The terms strong acid anion and strong base cation were introduced in the preceding section and they will be defined here. The term ‘strong’ refers to the fact that the ion will be fully, or nearly so, dissociated in aqueous solutions (Fig. 39.2). Most of the inorganic ions are ‘strong’ and hence nearly fully dissociated within the body fluids (Table 39.4). Some organic ions are also strong, such as lactate⁻ (acid dissociation constant of 3.9) and phosphocreatine²⁻ (PCr²⁻; acid dissociation constant of 4.5). Anions possess negative charge while cations possess positive charge. An anion is an acid by definition because the addition of that strong anion, in the absence of an accompanying strong base, will result in acidification of the solution. Using the example of HCl above, the addition of HCl to plasma will result in acidification. Similarly, the addition of HLactate will also result in acidification.
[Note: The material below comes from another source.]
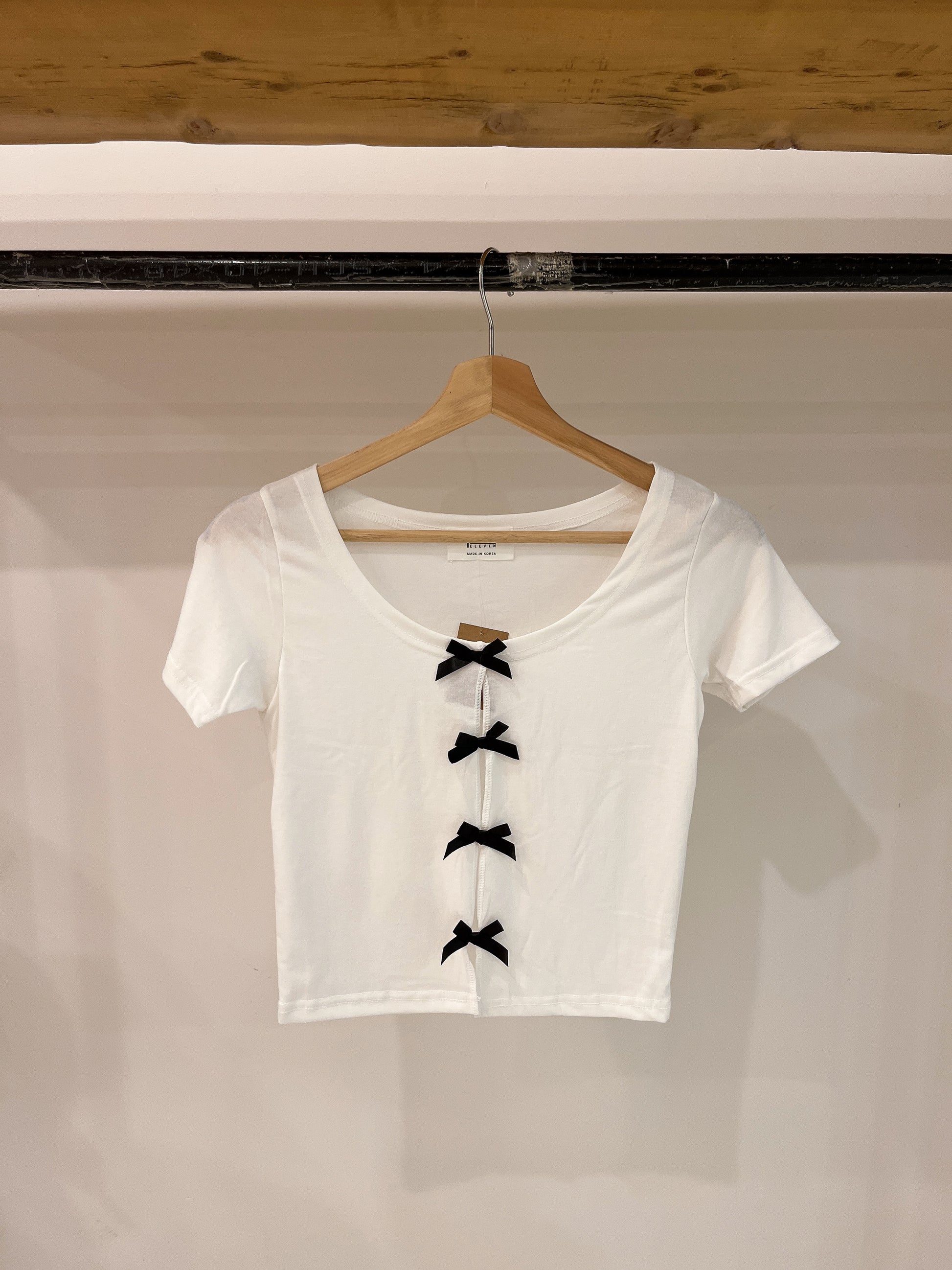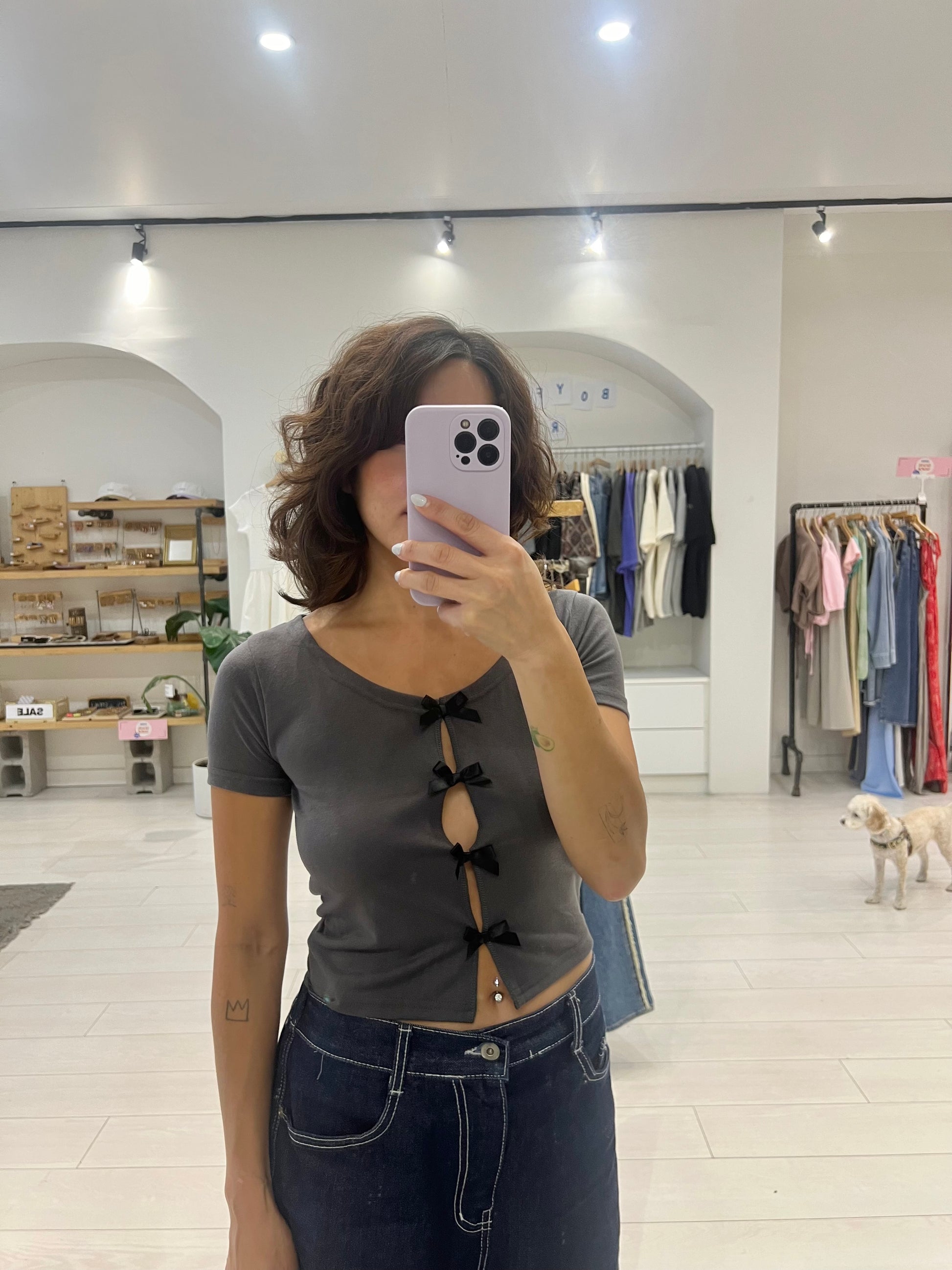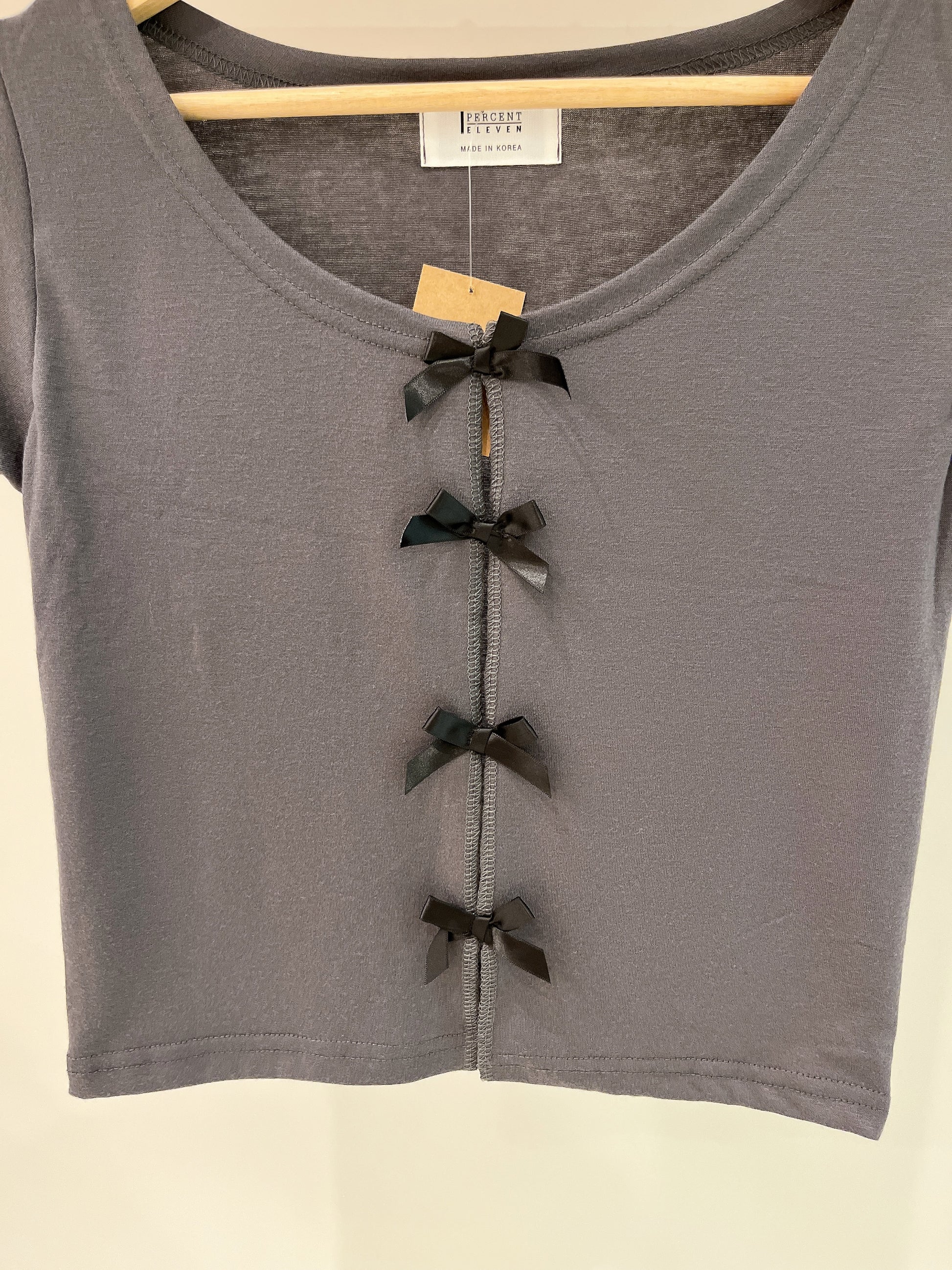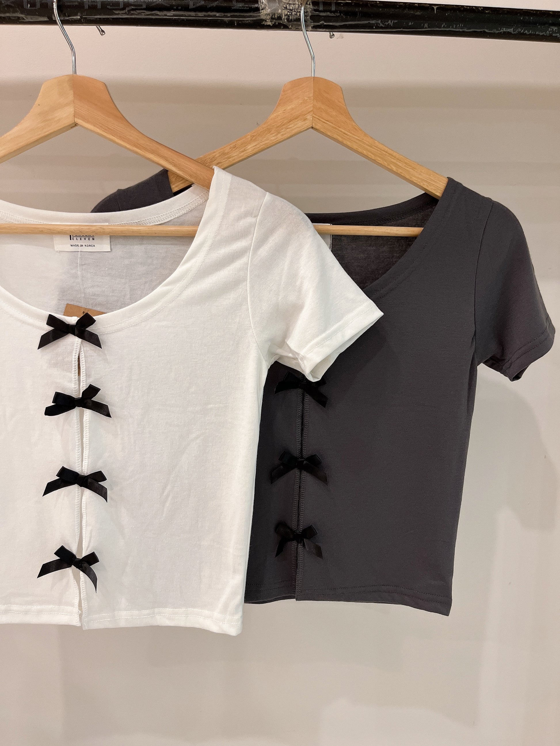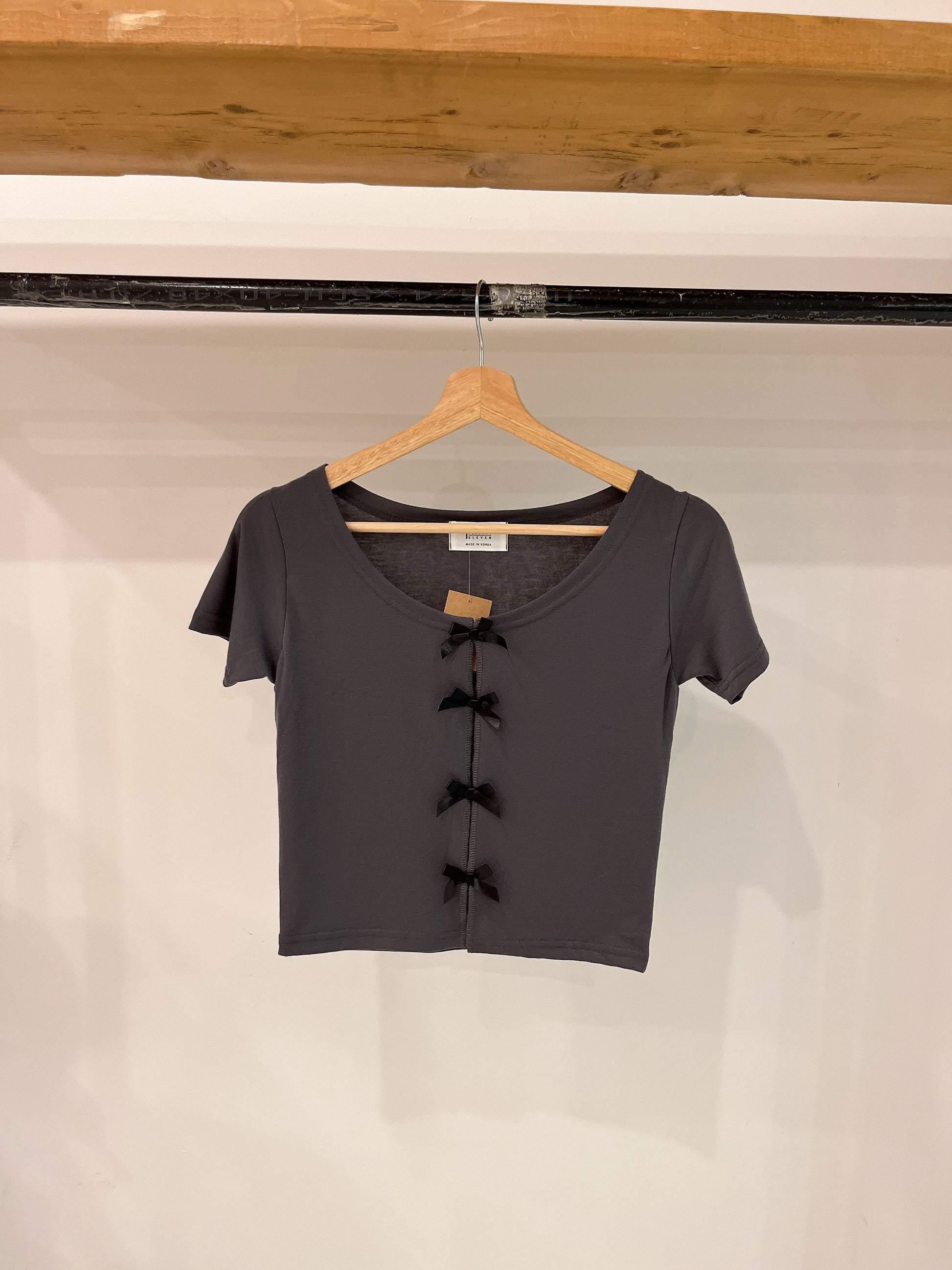 Embrace feminine ease in our super cute round neck, short sleeve top featuring front cut out detail, little black bows and a regular fit! Now available in charcoal and white!

In contrast, the addition of the strong base Na⁺ in the absence of accompanying strong anion (as NaHCO₃⁻) will result in alkalinization. The values for the key variables used in the physicochemical assessment of acid-base balance, for resting horses, are provided in Table 39.5.

Table 39.4

A summary of acid-base terminology

The following definitions are placed in order of functional similarities, as opposed to alphabetical order. Base: any cation in biological fluids65 Buffer base: base equivalent to the sum of buffer anion concentrations (including [HCO3−]) in mEq/L65 base excess / deficit: represents the accumulation of non-volatile base / acid in the blood (excludes plasma [HCO3−] and blood hemoglobin concentration)66 Alkali (alkaline) reserve: the proton buffering ability of plasma bicarbonate when bases or non-volatile acids are added to or taken from the body fluid65 [Atot]: a physicochemical term that defines the total concentration of weak anions in solution60–62 [SID]: a physicochemical assessment term that refers to the sum of all strong base cations minus the sum of all strong acid anions60–62 [SID] = Σ[strong base cations] – Σ[strong acid anions] Strong ion: that ions that are fully, or nearly so, dissociated in physiological solutions. In general, if the dissociation constant is ≤ 4.5, then the molecule is considered to be a strong anion; if the dissociation constant is greater than 9, then the molecule is considered to be a strong cation. Anion gap: a traditional term that is defined as: anion gap = ([Na+] + [K+]) – ([Cl−] + [HCO3−]) Strong ion gap: a term coined by Constable et al.23 as an alternate way of determining the concentration of unmeasured strong ions in plasma: strong ion gap = 2.24 × total [protein] (g/dl) / (1 + 10(6.65−pH)) – AG     (where AG is anion gap). Unmeasured anions: unmeasured anions contribute to the anion gap, strong ion difference and strong ion gap. The unmeasured anions include both strong (SO42−, some amino acids, pyruvate) and weak (inorganic phosphate, carbonate, carbamates, some amino acids) anions. The negative charges on plasma protein contribute to the anion gap, strong ion difference and strong ion gap, but this is usually a ‘measured’ anion.

Table 39.5

Physiologically important acid-base variables, and their concentrations, in arterial plasma and skeletal muscle of horses at rest

VARIABLES	PLASMA		SKELETAL MUSCLE
Dependent variables	‘normal’ value	normal range	‘normal’ value	normal range
[H+] nEq/L	40	33–45	100	71–126
pH	7.40	7.35–7.48	7.0a,b	6.90–7.15a,b
[HCO3−] mEq/L	28	22–34	10a	8–12a
Independent variables
PCO2 mmHg	40	35–45
[total CO2] mmol/L	30	23–36	10a	8–12a
[SID] mEq/L	40	37–43	110c	60–130c
Strong ions
[Na+] mEq/L	140	132–146	15	8–30
[K+] mEq/L	3.7	2.7–4.7	140	110–165
[Ca2+] mEq/L	2.5	2–3	0.4	0.2–1.0
[Mg2+] mEq/L	1.0	0.5–2.0	5	3–7
[Cl−] mEq/L	105	99–109	10	5–25
[lactate−] mEq/L	1.0	0.5–1.5	1.5	1.0–2.0
[PCr2−] mEq/L	na	na	15	12–18
[SO42−] mEq/L	0.5	0.3–0.7	–	–
Weak ions
[Atot] mEq/L	12	11–13	140	120–170
[plasma protein] g/dl	5.5	5.0–6.0	na	na
[albumin] g/dl			na	na
[globulins] g/dl			na	na
[HPO42−] + [H2PO4−] mmol/L	2.7	2.0–3.5	8	7–9
carnosine mmol/L	na	na	6b	3–9b
Protein histidine concentration mmol/L	–	–	46b	30–60b

na = not applicable.

^aSahlin et al.⁶⁷ – human muscle.

^bHultman and Sahlin¹⁵ – human muscle.

^cLindinger.13,68

The concentrations of strong acid anions and strong base cations within a fluid compartment are summed, with consideration of the charge, to yield the strong ion difference, or [SID].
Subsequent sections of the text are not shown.